PSE figures

Introduction

The West Bank and Gaza Strip housed nearly 1,792,200 refugees, all of them Palestinian, most of them descendants of some 700,000 refugees who fled what is now Israel after its war of independence in 1948. Jordan and Egypt held these respective territories until the 1967 war in which Israel seized them. In 2005, Israel withdrew its forces from the Gaza Strip but retained control over the entry and exit of people and goods, airspace, territorial waters, tax revenue, utilities, and population registry. These refugees constitute nearly half of the population of the West Bank and the majority of the population of Gaza.

Refoulement/Physical Protection

As Israel did not permit the return of Palestinian refugees, refoulement was not an issue and neither Israel nor the Palestinian Authority (PA) forcibly deported anyone from the territories. Israeli security forces, however, killed nearly 400 Palestinians in 2007, including 53 minors. Just fewer than 100 of the total were from the West Bank and nearly 300 from the Gaza Strip. At least 131, or about 35 percent, were civilians taking no part in hostilities. The total was down from nearly 700 the year before, when 140 of the victims were minors and 54 percent civilians. According to the Israeli nongovernmental organization B'Tselem, the primary reasons for these deaths were Israeli policies easing the military's rules of engagement, faulty transmission of regulations to the field, disproportionate attacks, and failure to investigate in killings of civilians.
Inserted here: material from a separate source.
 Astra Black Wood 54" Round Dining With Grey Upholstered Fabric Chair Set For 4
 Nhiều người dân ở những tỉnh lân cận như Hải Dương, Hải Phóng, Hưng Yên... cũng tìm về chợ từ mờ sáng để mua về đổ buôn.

Israeli authorities conducted nearly 400 search campaigns in the 19 West Bank refugee camps, killing 12 refugees, injuring nearly 100 and detaining more than 400. Israeli authorities killed nearly 100 Palestinians and injured nearly 1,200 in the West Bank altogether. In addition, factional strife and clan feuds killed 33 Palestinians and injured more than 200. In January, when the Israeli Defense Forces (IDF) sought to arrest seven Palestinians in Nablus, it placed all 20,000 residents under curfew for about 4 days, strictly controlled entrance to the main hospitals, closed all educational facilities, killed one Palestinian, injured 24, arrested about 70, and damaged nearly 300 houses and shops. In February, they used at least one Nablus resident as a human shield at gunpoint as they searched houses. In March, IDF opened fired in Al Jalazun camp, killing a girl aged nine and a boy aged 11 in schools sponsored by the United Nations Relief and Works Agency for Palestine Refugees in the Near East (UNRWA). In June, IDF killed two children and badly wounded a 16-year-old on the beach in Gaza 100 yards from the border. The troops said they saw the boys crawling toward the fence, warned them over a loudspeaker, fired warning shots, and then shot them. Others said they had been flying a kite. In August, IDF entered Al Naqar neighborhood in Qalqilia, looking for six Hamas militants, demolishing five homes and destroying other property of 13 families, including 86 refugees. Also in August, an IDF tank killed three children outside Beit Hanoun in Gaza who had been playing near rocket launchers.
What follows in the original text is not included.